• THE INPUT:
■ ■ ■
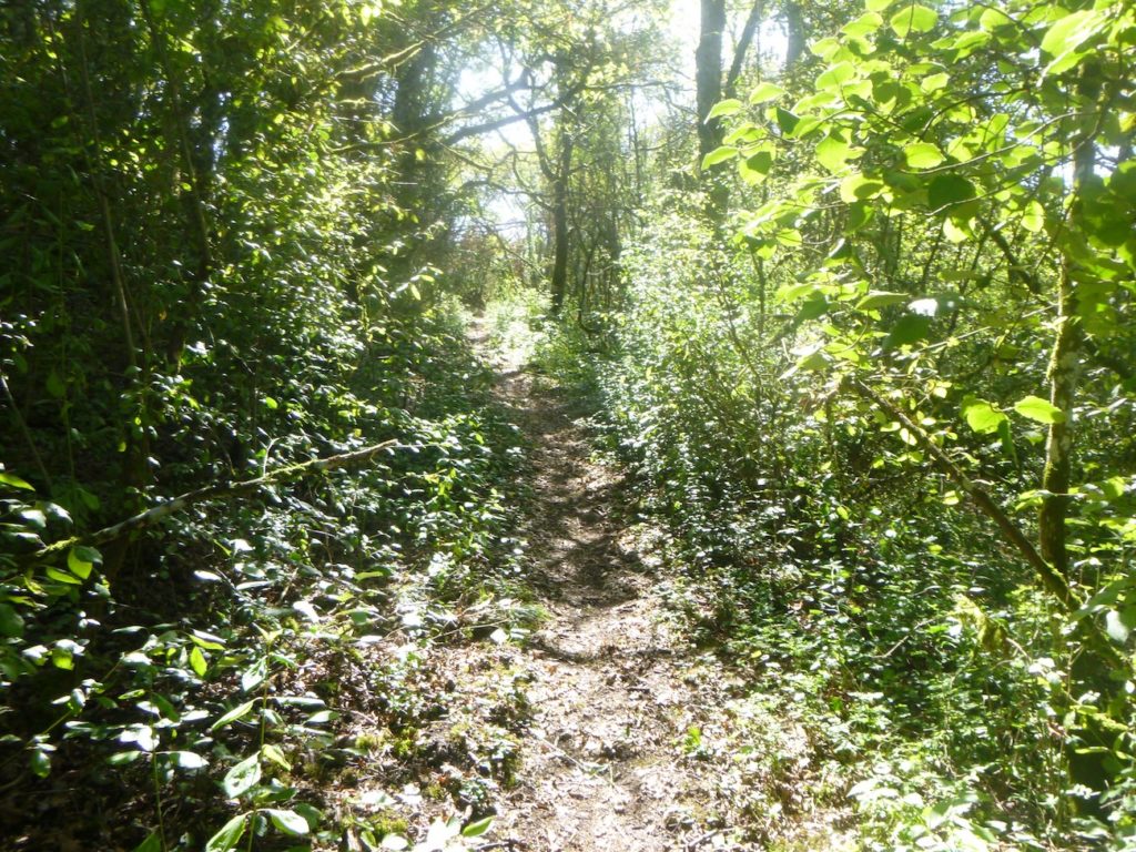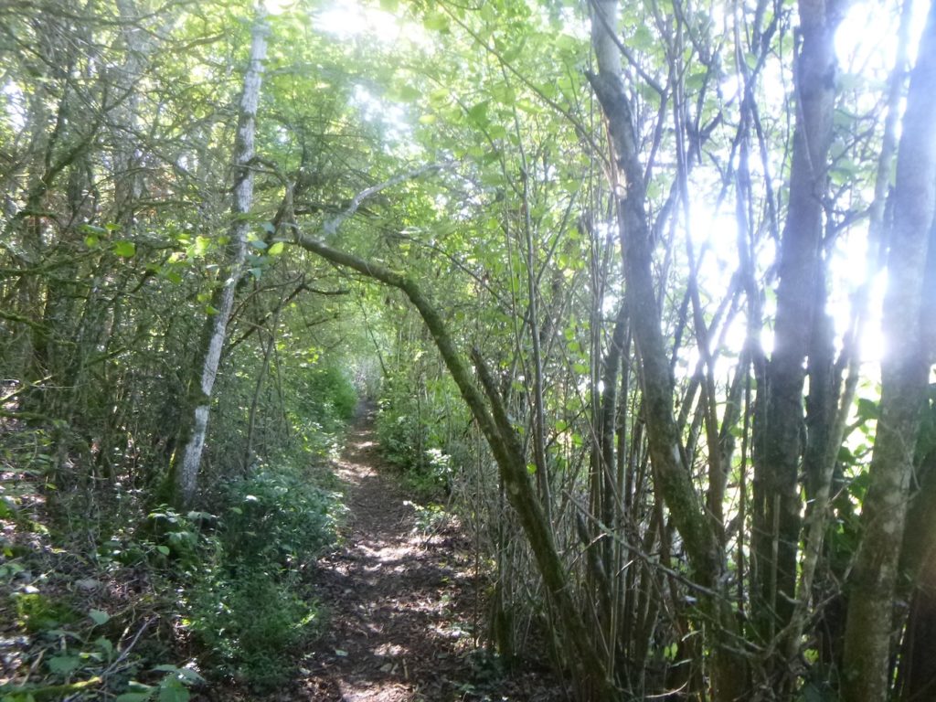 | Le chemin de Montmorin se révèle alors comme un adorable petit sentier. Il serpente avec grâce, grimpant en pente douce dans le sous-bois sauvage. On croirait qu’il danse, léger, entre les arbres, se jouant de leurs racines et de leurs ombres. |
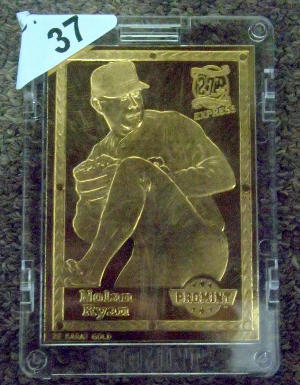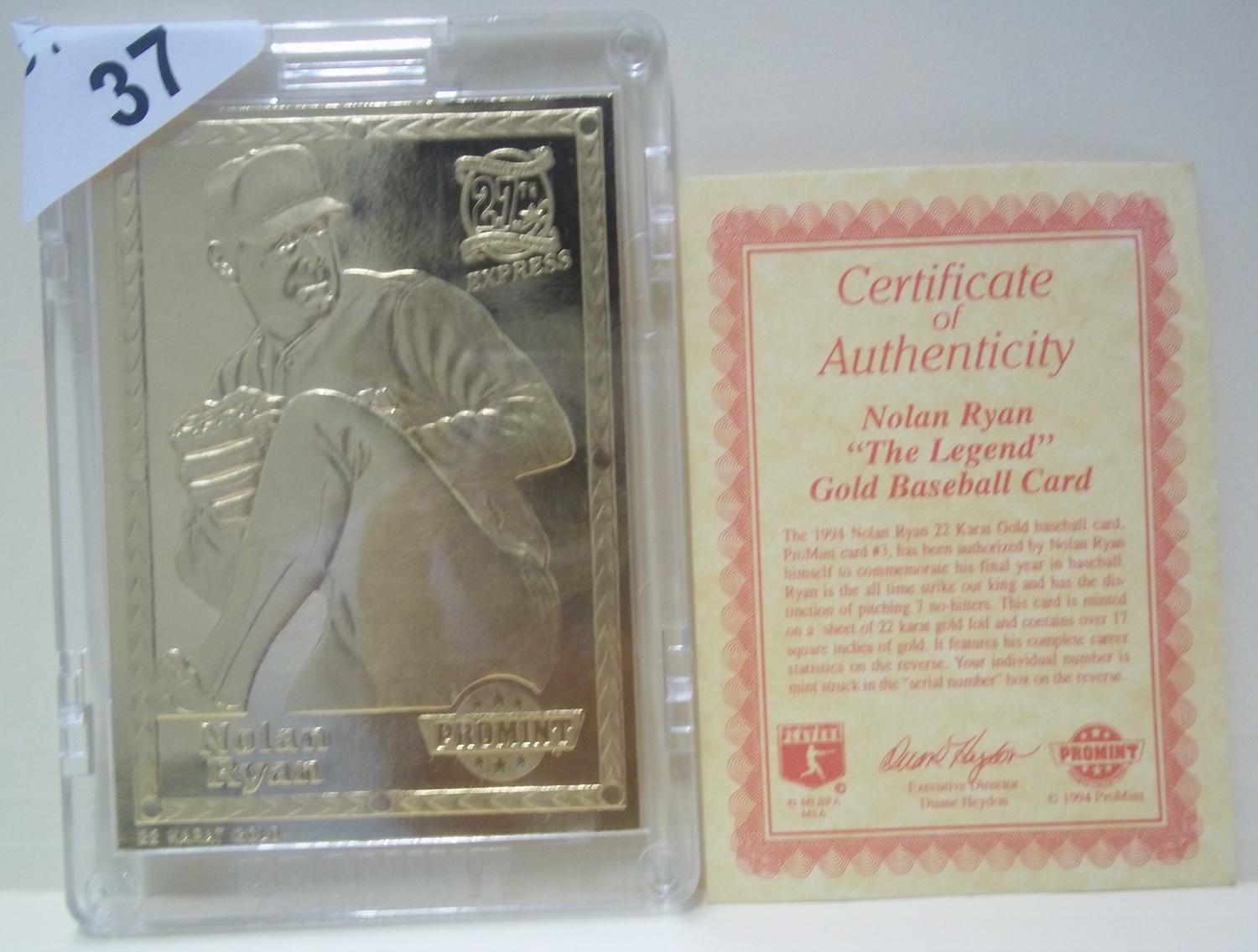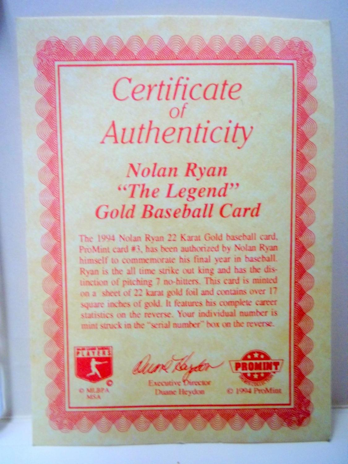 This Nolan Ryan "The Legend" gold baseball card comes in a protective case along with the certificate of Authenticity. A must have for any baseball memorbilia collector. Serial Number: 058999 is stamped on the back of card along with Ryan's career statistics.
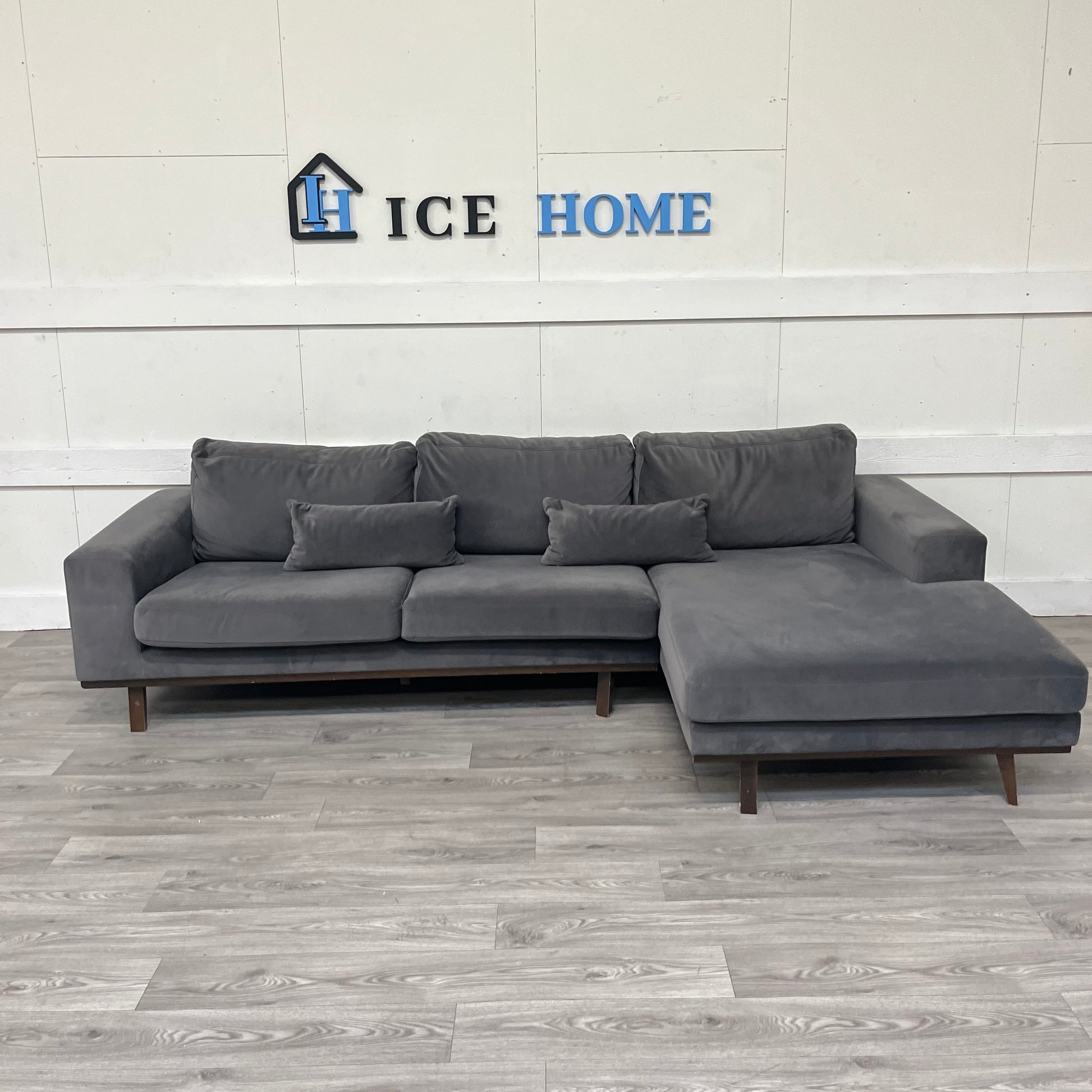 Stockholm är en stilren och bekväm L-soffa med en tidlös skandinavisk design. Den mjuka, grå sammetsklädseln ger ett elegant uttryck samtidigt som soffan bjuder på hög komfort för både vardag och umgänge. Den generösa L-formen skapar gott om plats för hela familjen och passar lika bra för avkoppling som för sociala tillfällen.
■ ■ ■
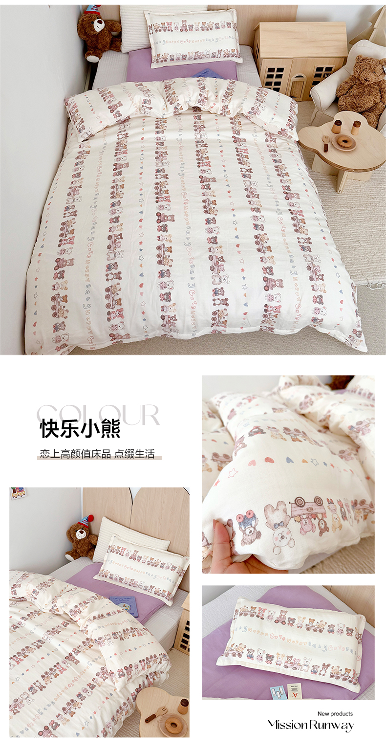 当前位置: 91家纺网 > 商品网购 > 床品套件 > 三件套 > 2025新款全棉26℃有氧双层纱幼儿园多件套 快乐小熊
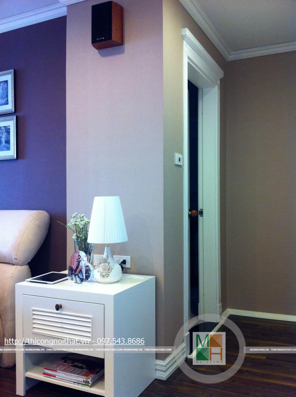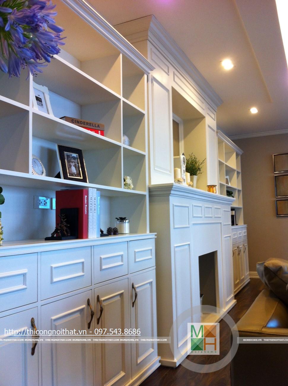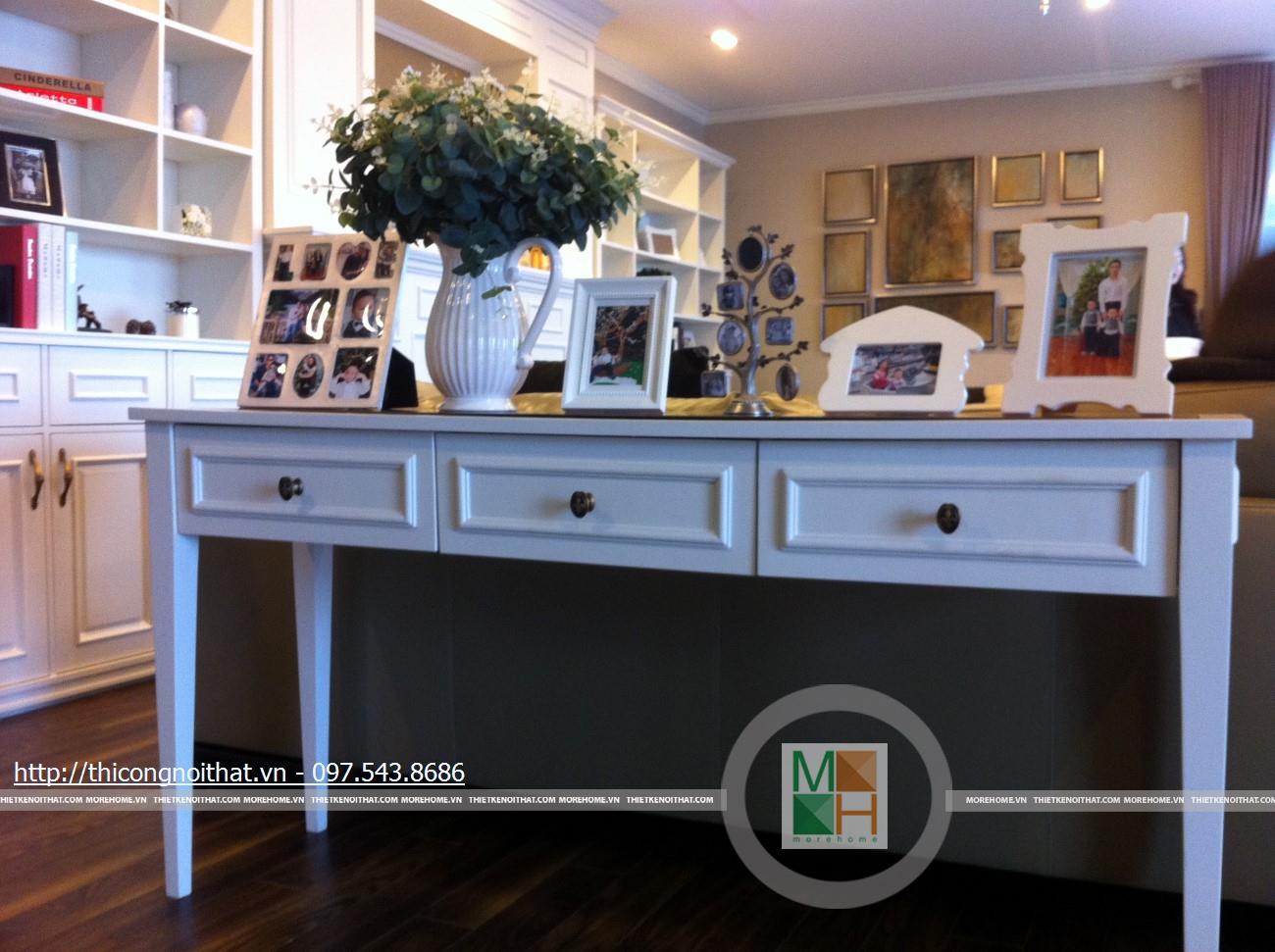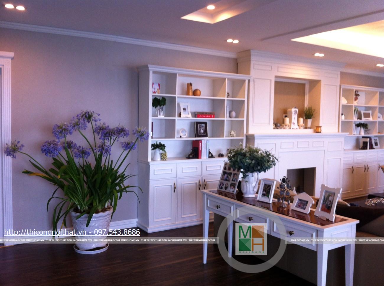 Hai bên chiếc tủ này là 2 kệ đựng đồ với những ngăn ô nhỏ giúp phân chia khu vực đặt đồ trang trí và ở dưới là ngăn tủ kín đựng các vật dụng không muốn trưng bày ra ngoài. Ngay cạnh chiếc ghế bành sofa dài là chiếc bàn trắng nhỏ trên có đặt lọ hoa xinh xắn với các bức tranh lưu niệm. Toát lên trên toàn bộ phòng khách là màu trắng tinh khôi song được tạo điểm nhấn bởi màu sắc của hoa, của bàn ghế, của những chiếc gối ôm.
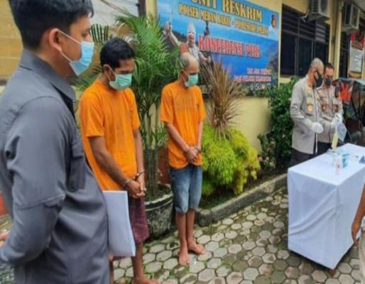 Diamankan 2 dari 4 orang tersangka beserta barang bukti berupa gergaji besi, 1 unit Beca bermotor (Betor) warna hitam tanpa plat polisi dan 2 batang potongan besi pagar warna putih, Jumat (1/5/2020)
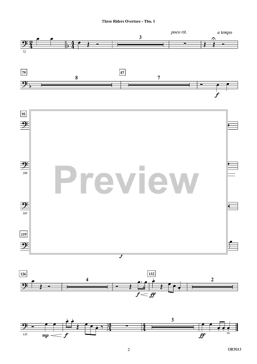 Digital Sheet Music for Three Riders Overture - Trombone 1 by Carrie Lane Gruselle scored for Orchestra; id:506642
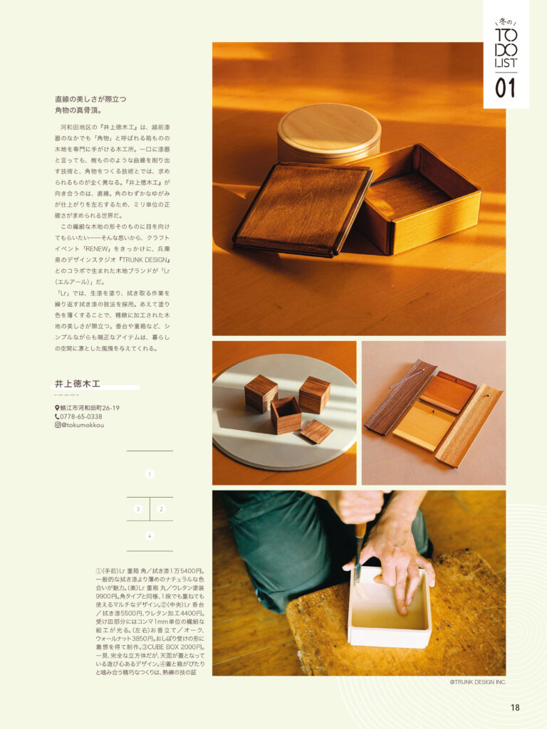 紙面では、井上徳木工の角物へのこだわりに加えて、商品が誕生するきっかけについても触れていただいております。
■ ■ ■
• WHAT IS REQUIRED: Above are records with pictures. Reproduce exactly only the lines from the line with "leurs ombres. |" through the line with "This Nolan Ryan", both ends included, and leave the pictures out.

• SOLUTION TO THE PROBLEM:
 | Le chemin de Montmorin se révèle alors comme un adorable petit sentier. Il serpente avec grâce, grimpant en pente douce dans le sous-bois sauvage. On croirait qu’il danse, léger, entre les arbres, se jouant de leurs racines et de leurs ombres. |
 This Nolan Ryan "The Legend" gold baseball card comes in a protective case along with the certificate of Authenticity. A must have for any baseball memorbilia collector. Serial Number: 058999 is stamped on the back of card along with Ryan's career statistics.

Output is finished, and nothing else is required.